Material to process
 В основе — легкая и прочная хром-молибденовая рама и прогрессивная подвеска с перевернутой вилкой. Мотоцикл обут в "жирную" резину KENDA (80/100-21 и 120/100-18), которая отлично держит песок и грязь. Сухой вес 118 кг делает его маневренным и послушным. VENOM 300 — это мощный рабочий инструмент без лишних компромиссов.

...

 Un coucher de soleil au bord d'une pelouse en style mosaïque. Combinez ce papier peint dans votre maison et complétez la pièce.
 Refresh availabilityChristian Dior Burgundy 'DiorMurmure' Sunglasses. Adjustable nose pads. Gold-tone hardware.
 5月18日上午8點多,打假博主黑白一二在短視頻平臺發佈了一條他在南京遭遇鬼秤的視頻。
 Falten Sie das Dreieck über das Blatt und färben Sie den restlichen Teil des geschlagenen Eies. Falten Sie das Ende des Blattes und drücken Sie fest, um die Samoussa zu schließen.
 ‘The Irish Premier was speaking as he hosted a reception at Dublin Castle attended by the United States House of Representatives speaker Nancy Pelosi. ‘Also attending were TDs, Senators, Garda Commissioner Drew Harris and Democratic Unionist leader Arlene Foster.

Exercise instructions
Transcribe, exactly and without additions, the lines of the records above, beginning with the line that contains "5月18日上午8點多,打假博" and ending with the line that contains "leader Arlene Foster.", both included.

Completed exercise
 5月18日上午8點多,打假博主黑白一二在短視頻平臺發佈了一條他在南京遭遇鬼秤的視頻。
 Falten Sie das Dreieck über das Blatt und färben Sie den restlichen Teil des geschlagenen Eies. Falten Sie das Ende des Blattes und drücken Sie fest, um die Samoussa zu schließen.
 ‘The Irish Premier was speaking as he hosted a reception at Dublin Castle attended by the United States House of Representatives speaker Nancy Pelosi. ‘Also attending were TDs, Senators, Garda Commissioner Drew Harris and Democratic Unionist leader Arlene Foster.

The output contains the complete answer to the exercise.